The payoffs during the quarter totaled nearly $90 million within the investor and owner-occupied CRE portfolios. These reductions were offset in part by an increase in small balance CRE total of $30 million, also the result of the successful small business campaign during the quarter.

The multifamily portfolio reduced by 4% quarter-over-quarter, but is up 23% when compared to June 30, 2021. This portfolio was split approximately 55% affordable housing and 45% market rate and remains granular in exposure and geographically diversified within our footprint. Construction and development loan balances continued to reflect strong production even as we continue to experience rapid payoffs within the residential spec portfolio as construction is completed.

Commercial construction balances grew by $14 million or 8% in the quarter and one to four family construction loans grew by $43 million or 7% in the quarter. This was in part offset by reductions in the multifamily construction portfolio of $17 million or 6% quarter-over-quarter. Slightly over half of this reduction was due to a single anticipated secondary market refinance at completion.

I will reiterate what I noted last quarter. We do expect that the increasing mortgage rates will have an impact on the velocity of home sales within our residential spec portfolio, although we have not seen that materialize to date. The housing markets in which we do business continue to be supply constrained with the inventory of completed and unsold homes remaining low.

Consistent with prior periods, our total residential construction exposure remains acceptable at 6.6% of the portfolio with nearly 40% of that comprised of our custom on one to four family residential mortgage loan portfolio.
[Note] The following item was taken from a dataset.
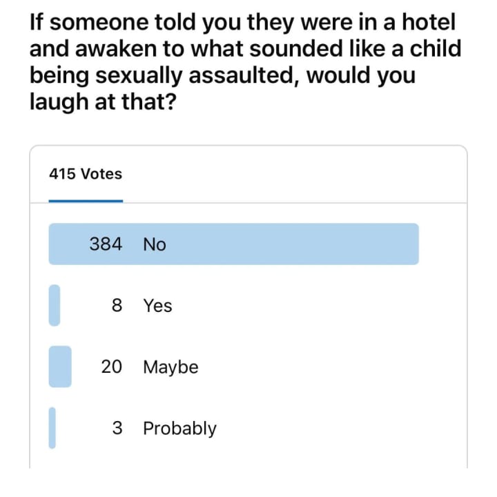This was a question I asked people on Reddit, this is what other people replied about being asked about sexual assault of a child. I had to see if it was normal to laugh at rape from people around the world.

When you include multifamily commercial construction and land, the total construction exposure remains at 14.8% of total loans.
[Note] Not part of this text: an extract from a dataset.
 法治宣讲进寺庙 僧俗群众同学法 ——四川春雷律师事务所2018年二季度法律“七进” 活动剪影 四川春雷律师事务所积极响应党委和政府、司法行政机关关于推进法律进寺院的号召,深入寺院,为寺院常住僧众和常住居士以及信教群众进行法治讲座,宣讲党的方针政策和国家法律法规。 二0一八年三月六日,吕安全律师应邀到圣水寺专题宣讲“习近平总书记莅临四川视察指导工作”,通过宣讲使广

As anticipated, agricultural loan reflects the seasonal draws on lines of credit with balances of $38 million quarter-over-quarter or 16% and are up 17.5% year-over-year, excluding PPP loans. As I noted — as was noted in the earnings release, there was significant growth in the consumer mortgage portfolio.

This was the result of a successful jumbo mortgage campaign in the second quarter as well as holding a portion of the completed custom construction mortgage loans in an effort to rebuild balances that ran off during 2021 and earlier this year. In total, balances grew by $150 million or 21% quarter-over-quarter and are now up 42% year-over-year. Lastly, home equity lines again added materially to the loan growth in the quarter, up $36 million or 8% from the linked quarter.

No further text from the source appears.